Location
- Country: United States
- State: West Virginia
- County: Ohio

Physical characteristics
- Source: unnamed tributary to Little Wheeling Creek divide
- • location: about 1.50 miles southeast of Valley Grove, West Virginia
- • coordinates: 40°05′07″N 080°32′42″W﻿ / ﻿40.08528°N 80.54500°W
- • elevation: 1,200 ft (370 m)
- Mouth: Middle Wheeling Creek
- • location: about 2 miles northeast of Camp Giscowhego, West Virginia
- • coordinates: 40°03′16″N 080°32′20″W﻿ / ﻿40.05444°N 80.53889°W
- • elevation: 971 ft (296 m)
- Length: 2.11 mi (3.40 km)
- Basin size: 1.15 square miles (3.0 km^{2})
- • location: Middle Wheeling Creek
- • average: 1.53 cu ft/s (0.043 m^{3}/s) at mouth with Middle Wheeling Creek

Basin features
- Progression: Middle Wheeling Creek → Little Wheeling Creek → Wheeling Creek → Ohio River → Mississippi River → Gulf of Mexico
- River system: Ohio River
- • left: unnamed tributaries
- • right: unnamed tributaries
- Bridges: Stoolfire Road, Sample Road, Wildlife Road

= Coulter Run =

Stream in West Virginia, US

Coulter Run is a 2.11 mi long 1st order tributary to Middle Wheeling Creek in Ohio County, West Virginia.
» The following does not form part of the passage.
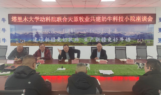 院长井波与奶产业技术体系岗位专家蒋涛教授及团队陶大勇教授、刘书东教授、研究生李睿岩一行前往阿克苏天原牧业有限公司,共同商讨“科技小院”的建设。2026年3月8日,我校51大赛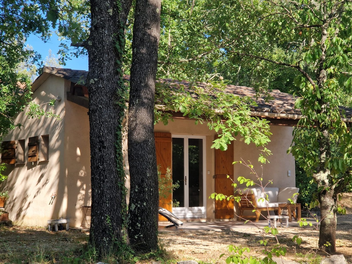 Deux-pièces à louer en Provence, dans un lieu paisible, pour des vacances agréables. Nous proposons à la location un deux-pièces de 33m², indépendant et mitoyen à notre maison. Il peut accueillir deux voyageurs. Notre propriété se situe au bout d’un chemin privatif et vous bénéficiez d'un parking. Un espace jardin est mis à votre disposition avec un salon de jardin et des transats. Le logement est climatisé.

This is the only stream of this name in the United States.

== Course ==
Coulter Run rises about 1.5 miles southeast of Valley Grove, West Virginia, and then flows south-southeast to join Middle Wheeling Creek about 2 miles northeast of Camp Giscowhego.

== Watershed ==
Coulter Run drains 1.15 sqmi of area, receives about 41.0 in/year of precipitation, has a wetness index of 301.74, and is about 37% forested.